Der Iran forderte die Vereinigten Staaten die Sanktionen aufheben bevor die Gespräche wieder aufgenommen werden. Er lehnte es auch ab, andere Themen wie seine regionalen Aktivitäten zu erörtern.

Die israelischen Führer, einschließlich Netanjahu, haben sich lange gegen das Atomabkommen ausgesprochen und wiederholt davor gewarnt, die Vereinigten Staaten zum Abkommen zurückzukehren.

In einer Erklärung am Freitagnachmittag Sagte Netanjahu Israel glaubt, dass das alte Abkommen “den Weg für den Iran zu einem nuklearen Arsenal ebnen wird”.

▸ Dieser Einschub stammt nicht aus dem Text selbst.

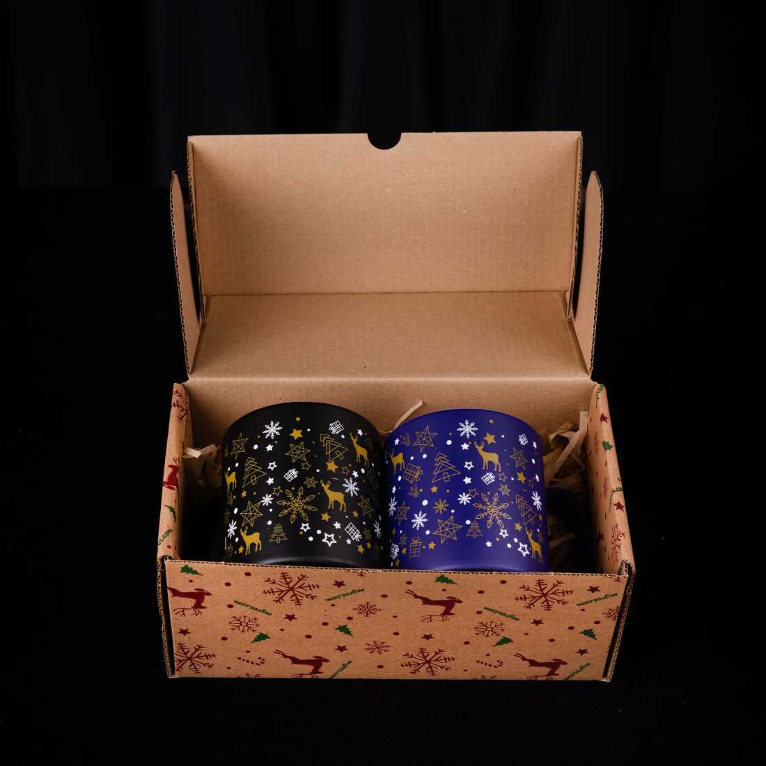 Wholesale Dark Blue Deer Themed Winter Glass Candle

Am Donnerstag forderten US-Außenminister Antony Blinken und die Außenminister von Großbritannien, Deutschland und Frankreich den Iran auf, die Fortsetzung der Nuklearinspektionen der Vereinten Nationen zuzulassen und Nuklearaktivitäten einzustellen, die keinen glaubwürdigen zivilen Einsatz haben. Sie warnten davor, dass die iranischen Maßnahmen heikle Bemühungen bedrohen könnten, die Vereinigten Staaten wieder in das Abkommen von 2015 einzubeziehen und die Sanktionen zu beenden, die der iranischen Wirtschaft schaden.

Der Iran “spielt mit dem Feuer”, sagte Bundesaußenminister Heiko Maas, der am Donnerstag in Paris mit seinen britischen und französischen Amtskollegen an Gesprächen teilnahm. Blinken hatte sich einer Videokonferenz angeschlossen.

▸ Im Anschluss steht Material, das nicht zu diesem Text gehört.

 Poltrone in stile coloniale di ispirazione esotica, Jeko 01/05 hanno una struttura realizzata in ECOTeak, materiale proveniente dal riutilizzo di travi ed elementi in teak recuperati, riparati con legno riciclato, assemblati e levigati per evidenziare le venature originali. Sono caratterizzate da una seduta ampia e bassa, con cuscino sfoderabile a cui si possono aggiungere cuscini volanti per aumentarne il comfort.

Der Iran hat angekündigt, einige Inspektionen seiner Nuklearanlagen durch die IAEO nächste Woche einzustellen, wenn der Westen seine eigenen Verpflichtungen aus dem Abkommen von 2015 nicht umsetzt. Außerdem wird nächste Woche ein vierteljährlicher Bericht über die iranischen Nuklearaktivitäten veröffentlicht.